Above: Bihar and MP police have raided many villages in Munger/Photo: Twitter

The shocking recovery of 45 AK-47s from Munger district has revealed that smuggling of arms is a thriving trade and that unemployed, skilled labourers are being roped in by arms smugglers

~By Niraj Sahai in Munger

On August 29, the Bihar police recovered three AK-47 assault rifles from Jamalpur locality in Munger district. Investigations revealed that the rifles, recovered from one Mohammed Imran, a resident of Munger’s Bardah village, were smuggled out of the Central Ordnance Depot in Jabalpur, Madhya Pradesh, and were part of at least 70 such weapons that had been siphoned off from the depot.

So far, over 45 of these rifles have been recovered from different villages in Munger during continuing raids by the Bihar and MP police. On September 29, the police found 12 AK-47s inside a well in a field in Bardah village. Later, a few more AK-47s were recovered from the same village along with some 100 gun spare parts. This led the police to believe that several rifles may have been dismantled by the smugglers to sell the parts in the black market. So far, the Bihar police has arrested 11 people in connection with the case, while the MP police has arrested two.

“Out of about 70 AK-47s missing from Jabalpur depot, 55 have been identified so far, some through the spare parts found around Munger. The rifles were brought to Munger with the help of Purushottam Lal Rajak and Suresh Thakur, former and current employees of the Jabalpur ordnance depot, respectively. Both have been arrested and we have been interrogating them,” Munger SP Babu Ram told India Legal.

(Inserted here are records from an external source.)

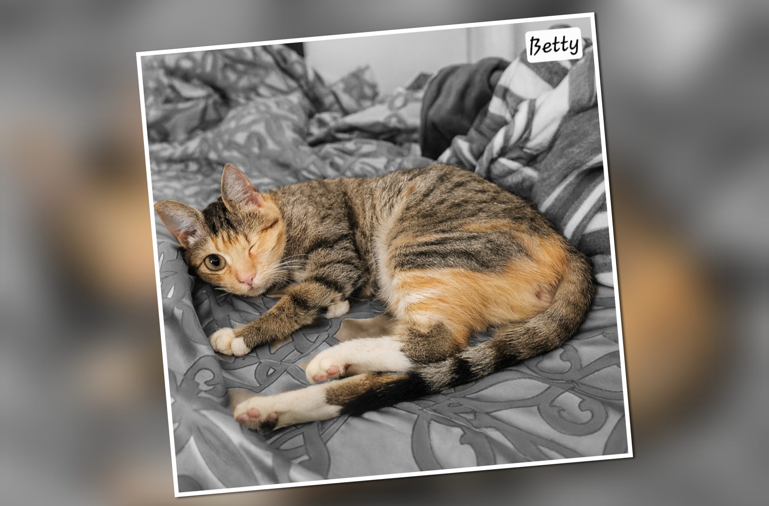 Betty est borgne, et souffre d’une allergie alimentaire très simple à gérer : elle tolère parfaitement la pâtée de la marque Lidl, ce qui facilite énormément son quotidien. Malgré sa petite différence, Betty est très agile et mène une vie de chatte totalement normale en intérieur. Elle joue, saute, explore et profite pleinement de la vie.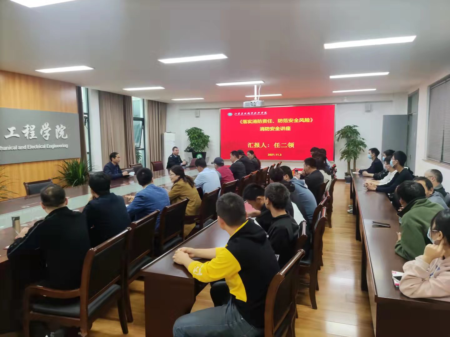 为加强学院消防安全管理,增加安全意识,提升应急疏散、火灾转移物资及自防自救的能力,最大限度保障全体师生的生命安全,11月3日下午,机电工程学院实训中心邀请句容消防宣教中心任二领高级教员,举办了一场《落实消防责任,防范安全风险》的消防安全专题讲座。学院院长刘永华主持培训,学院部分师生参加培训。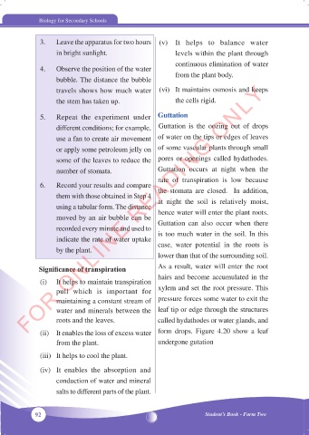 (ii) It enables the loss of excess water form drops. Figure 4.20 show a leaf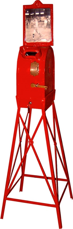 Rare coin operated machine with an even rarer Mutoscope reel featuring Babe Ruth. Many repros have come on the market but this is a real one. This particular reel, circa mid-1920's, not only depicts "The Bambino" sparring with Artie McGowan who trained Jack Dempsey, it also shows Ruth at Yankee Stadium taking some practice swings. Great stuff!! The machine has been beautifully restored by one of the top coin op restorers in the nation. It is also in its excellent working condition. The fitting photo on the header is a perfect copy of Ruth in one of his Hollywood exploits. The stand is a repro which perfectly mimics the long gone original. Manufactured by the International Mutoscope Reel Co., New York, New York. A centerpiece for any sports game room or serious collector of baseball memorabilia. Stands nearly as tall as you.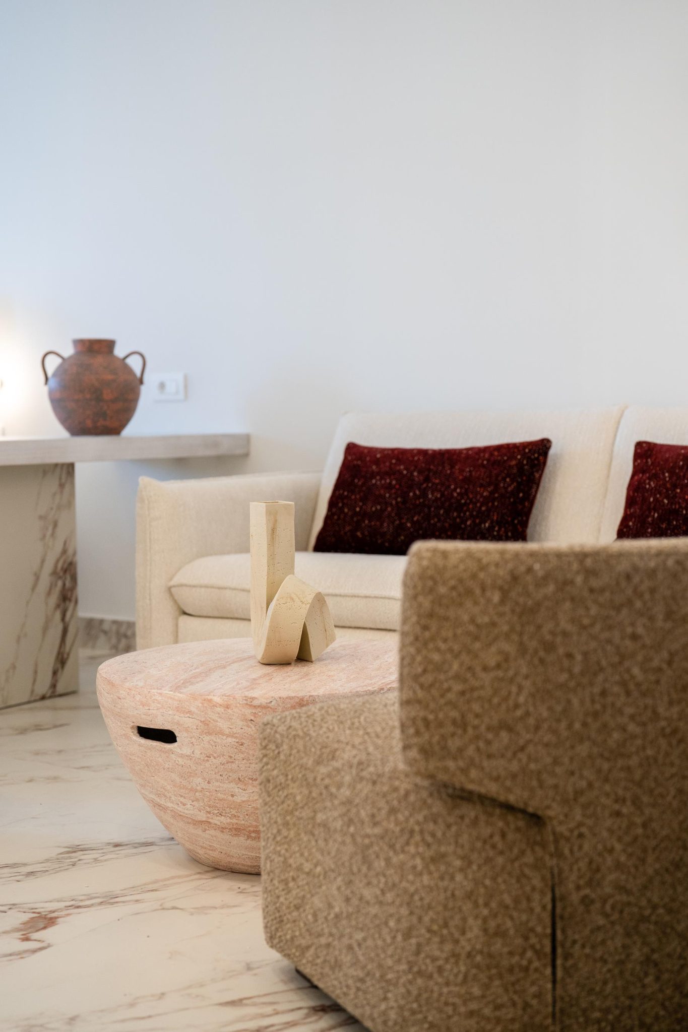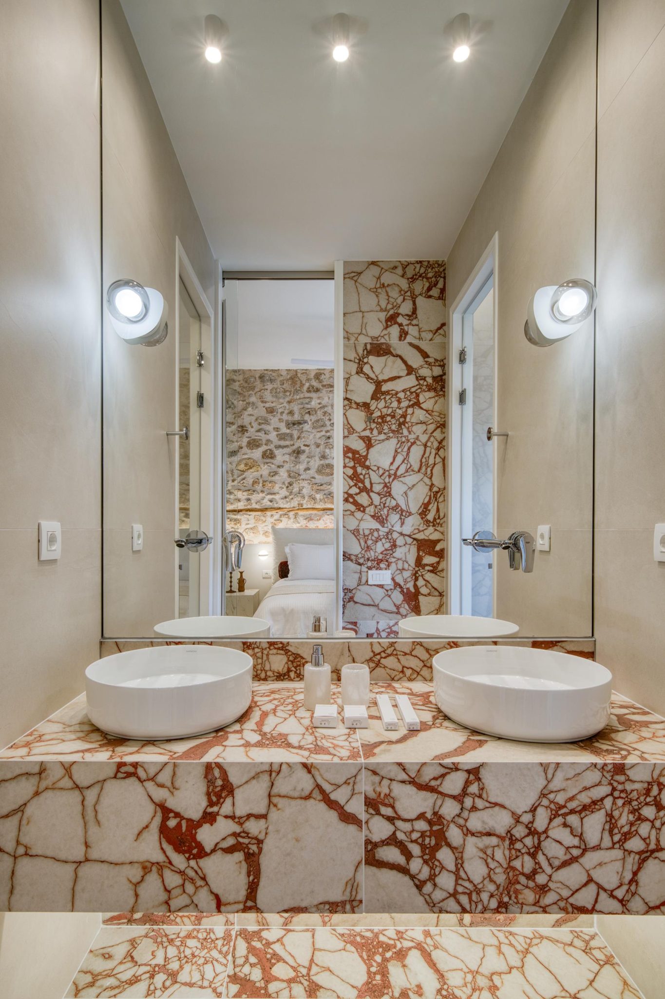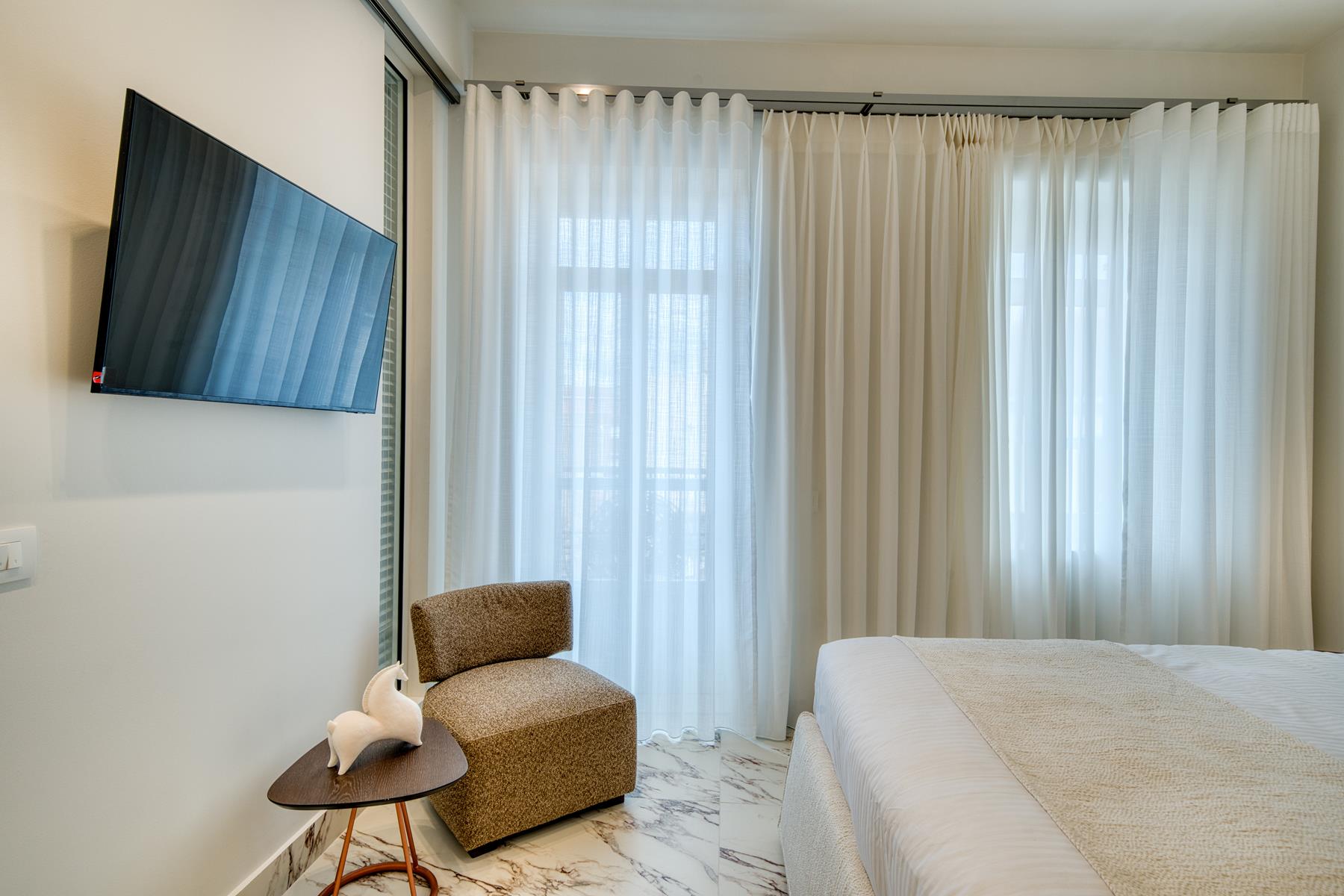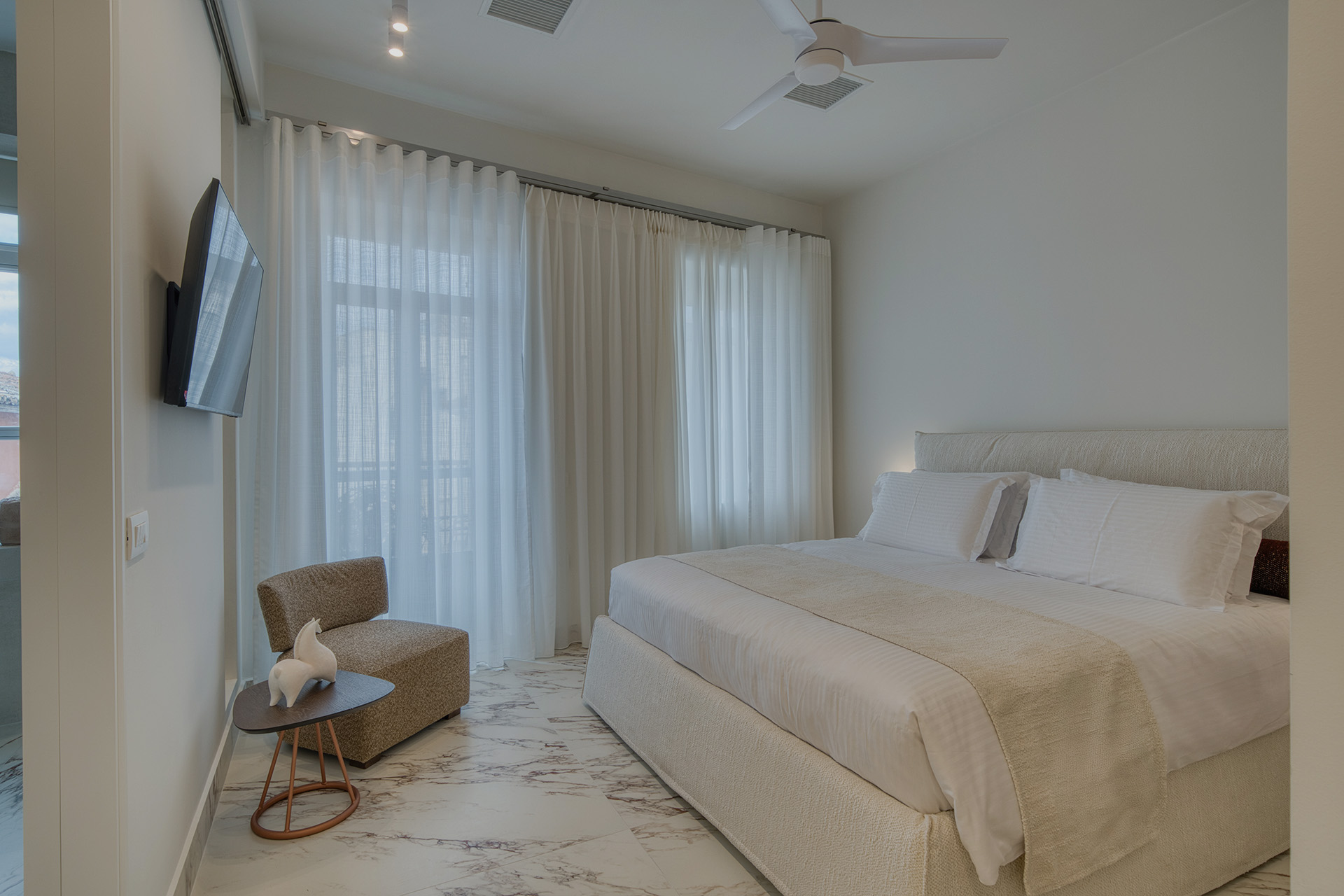 The Suite with King sized bed offering City View (45 sqm) features a king size bed and a sofa that converts into a comfortable double bed and can accommodate a total of 4 people. This Suite features a beautiful balcony and offers a view of a traditional city alley. The brand new construction and its design with a simple color palette of white, soft beige and wood tones with natural stone decoration creates absolute relaxation and a sense of inner peace.

The investigation into the Munger arms haul has now been transferred to the National Investigating Agency (NIA) amid reports that several of these rifles have already made their way to Malda in West Bengal. The police also fears that some of these weapons may even have been sold to Naxals.

The Bihar police believes that the heat from the continuing raids is forcing the perpetrators to flee to Malda which is notorious for illicit activities. In fact, during a raid on an illegal arms manufacturing hub that was busted in Malda on October 7, about 24 improvised revolvers and 200 semi-finished firearms were seized. This led to the arrest of two locals belonging to Munger district. Even during an earlier raid in Malda in June, nine residents of Munger were arrested. All of them told the police that they used to be employed in Munger’s legal gun manufacturing units and were brought to Malda on contract to make arms.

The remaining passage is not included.